Limitations & Future Work

  • Heavily reliant on MLLM and CLIP encoders: The quality of the content text depends directly on LLaVA's description accuracy, and running the MLLM on each frame during inference introduces extra overhead. Inaccurate MLLM descriptions introduce new uncertainties (acknowledged by the authors; alleviated by DRF/TED filtering but not fundamentally eliminated).
  • Heuristic text binning for degradation description: The three-tier binning (light/medium/heavy) and concatenation strategy are heuristics based on degradation pipeline parameters, which may not cover all degradation patterns in real-world opera videos. The impact of binning granularity remains under-explored.
  • Evaluated solely on no-reference metrics: Real degradation datasets lack GT, forcing reliance on no-reference metrics like NRQM, CLIPIQA+, and DOVER. These metrics have limited alignment with human subjective consistency (as seen with NegVSR outperforming Ours on MUSIQ). Conclusions should be evaluated alongside qualitative visualizations (⚠️ caution is needed when comparing across different NR metrics as they emphasize different aspects, and ranking on a single metric may not generalize).
  • Narrow domain focus: The method is developed specifically for opera videos (using the COVC training set and OperaLQ benchmark). Its generalization to other real-world degradation domains (such as surveillance or old movies) has not been verified.
  • vs NegVSR: This work is directly built on top of NegVSR and uses it as a baseline. NegVSR extracts real noise from external datasets and applies negative constraints for robustness, but suffers from style mismatch artifacts and relies solely on image features. TextOVSR retains the negative branch/negative loss idea and introduces two types of texts alongside DRF/TED, upgrading both degradation modeling and texture reconstruction. This lifts CLIPIQA+ from 0.3990 to 0.5667.
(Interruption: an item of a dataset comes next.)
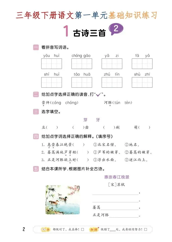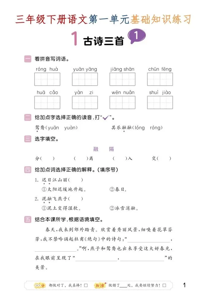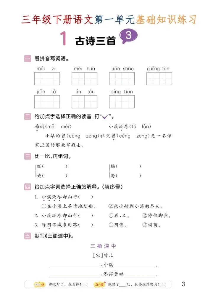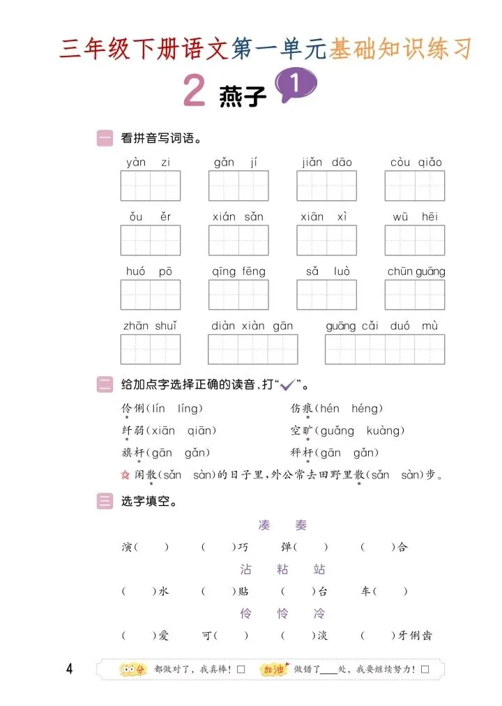 三年级下册语文第一单元基础知识练习.电子版可下载打印!

  • vs Real-ESRGAN / RealBasicVSR: These methods approximate real-world degradation via high-order pipelines or dynamic clean-up modules. They still follow the "pure image feature" route and lack semantic guidance. This work reuses their degradation pipelines to synthesize data but additionally writes degradation intensities into text and feeds them to the network.
  • vs Diffusion-based Text-Guided SR (STAR, CLIP-SR, etc.): Diffusion methods generate realistic textures using generative priors but suffer from heavy computational overhead and temporal inconsistency. This work embeds multiple text cues into the classical RWVSR framework, achieving degradation modeling and texture enhancement while remaining lightweight and robust, offering an alternative direction to the diffusion paradigm.

Rating

  • Novelty: ⭐⭐⭐⭐ Embedding dual texts ("degradation text + content text") into classic RWVSR, with differentiated fusion timings and a filtered cross-modal discriminator, offers a novel and problem-aligned combination.
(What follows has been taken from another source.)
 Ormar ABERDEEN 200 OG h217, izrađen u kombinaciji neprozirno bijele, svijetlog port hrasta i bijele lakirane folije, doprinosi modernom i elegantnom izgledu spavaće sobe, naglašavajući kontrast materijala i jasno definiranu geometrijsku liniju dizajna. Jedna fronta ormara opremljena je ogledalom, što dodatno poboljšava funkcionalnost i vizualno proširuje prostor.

  • Experimental Thoroughness: ⭐⭐⭐⭐ Main comparisons cover 8 SOTA methods across multiple metrics, and ablation studies are detailed down to individual variants with three sets of analytical experiments (text granularity, discriminator, and fusion position). However, it is limited to the single domain of opera videos and relies entirely on no-reference metrics.
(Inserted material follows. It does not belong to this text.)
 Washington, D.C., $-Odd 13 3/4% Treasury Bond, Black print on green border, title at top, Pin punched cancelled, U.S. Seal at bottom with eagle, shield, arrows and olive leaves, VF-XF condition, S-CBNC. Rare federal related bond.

  • Writing Quality: ⭐⭐⭐⭐ Clear progression from motivation to method and experiments. Figures 1, 2, and 3 clarify the dual-branch setup and text generation.
  • Value: ⭐⭐⭐⭐ The OperaLQ benchmark and the text-guided RWVSR schema offer practical value for restoring old opera videos and archival footage. The DRF cross-modal fusion paradigm is highly transferable.